By the second half, our ladies were amped. In the 65th minute, our star striker, Asisat Oshoala, was introduced to the pitch. You could hear the palpable silence in the stadium, almost as if the Australians could foretell the pain that was to come.
Osinachi Ohale put us ahead a minute later, despite getting a heavy knock in the process.
Oshoala tormented the Australian backline and got her reward in the 72nd minute after a mixup in the Australian defense allowed her to score a brilliant goal from a wide angle. Taking off her shirt in celebration may have earned her a yellow card, but the iconic celebration will live long in the memory of Nigerians.
[Asisat Oshoala of Nigeria celebrates after scoring her team’s third goal. (Photo by Justin Setterfield/Getty Images)]
Her goal made her the first African woman to score at three World Cups. She previously scored in 2019 and 2015. And while the Australians managed to pull one back deep into stoppage time, Nigeria, led by coach Randy Waldrum, emerged triumphant with three goals and three points.
3:2, Nigeria.
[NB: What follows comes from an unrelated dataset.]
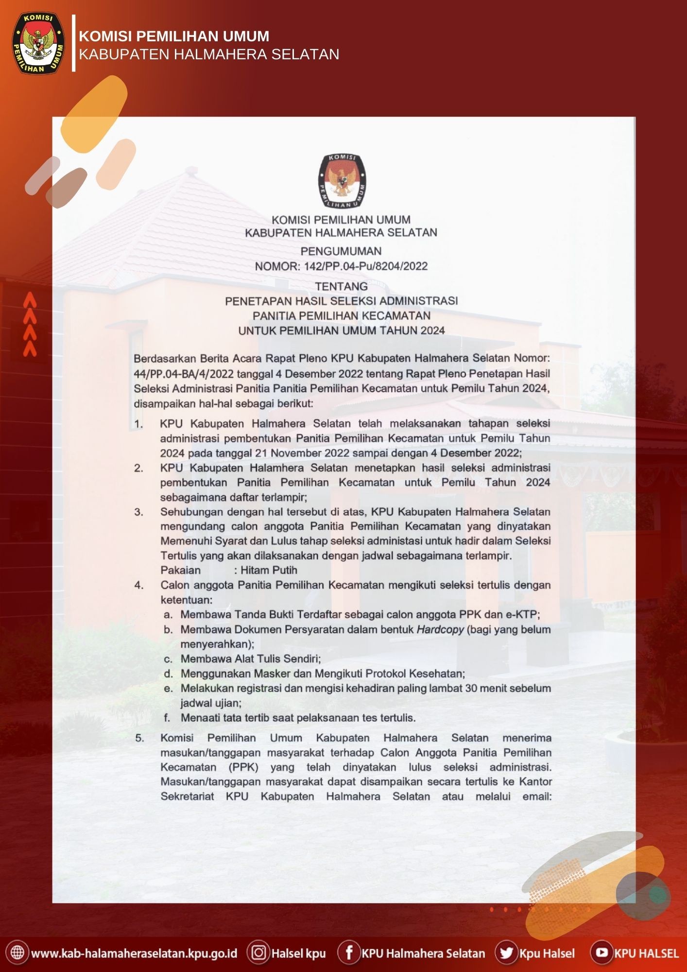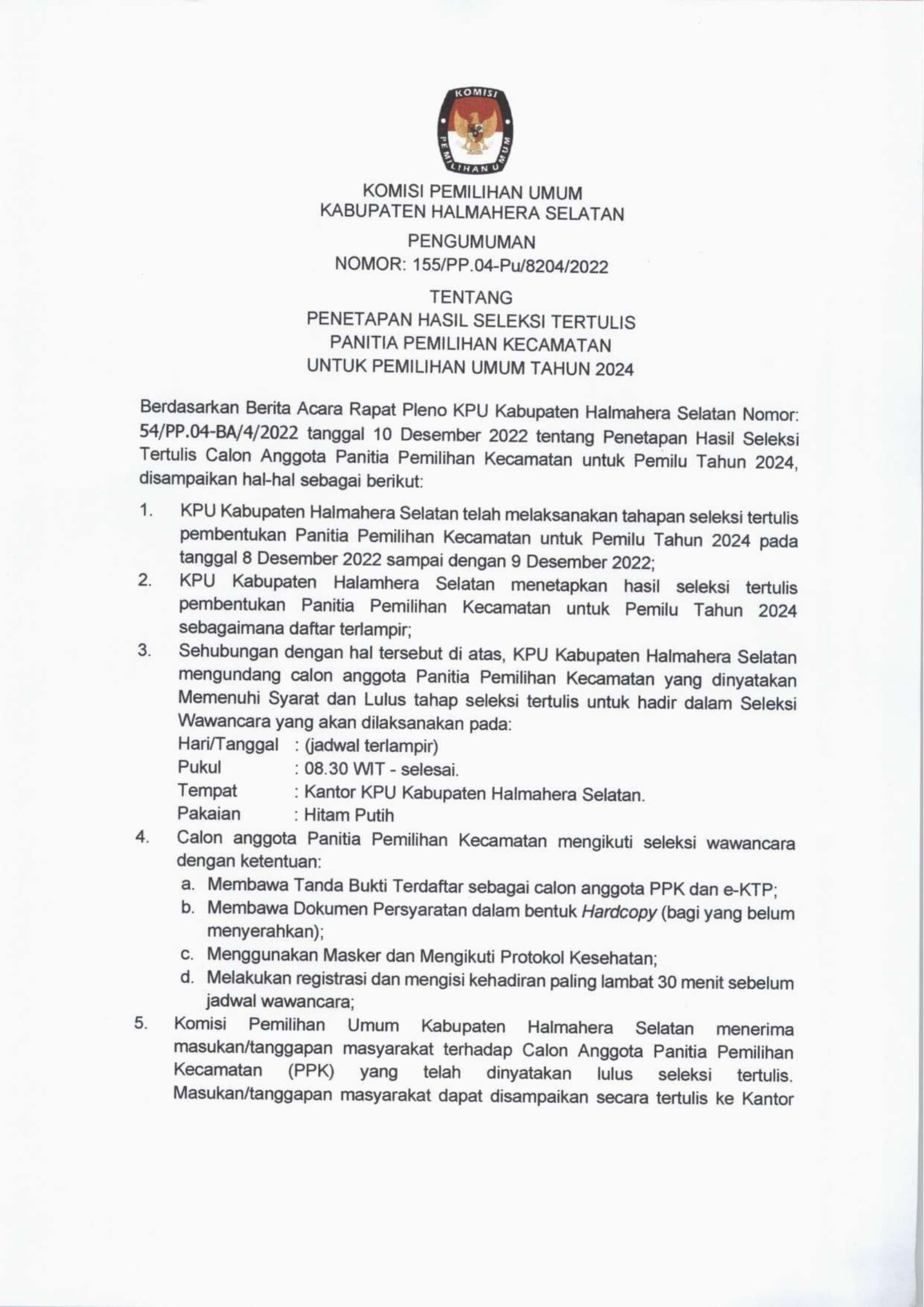 Pengumuman Hasil Seleksi Tertulis Panitia Pemilihan Kecamatan Untuk Pemilihan Umum Tahun 2024 Minggu, 11 Desember 2022 01:27 196 Baca Selengkapnya

FT.
The result leaves us at the top of the table and in a good position to make the next round. A draw in our last game against already-eliminated Ireland would be enough. This is remarkable, given the team’s issues leading up to the showpiece.
Allegations of misappropriation, delayed payments, and a war of words between Waldrum and the Nigerian Football Federation (NFF) led many to fear the worst. But after a resilient showing against Olympic champion Canada, where we earned a point, there was some hope that the girls might be up to something, and they delivered in fine fashion.
Whatever they do going forward, the Super Falcons deserve our utmost respect for acting professionally and bringing joy to the faces of millions of Nigerians. As always, we will be cheering them on and hope they have fun doing what they do best.
Nigeria’s next match is on Monday, July 31, at 11 a.m.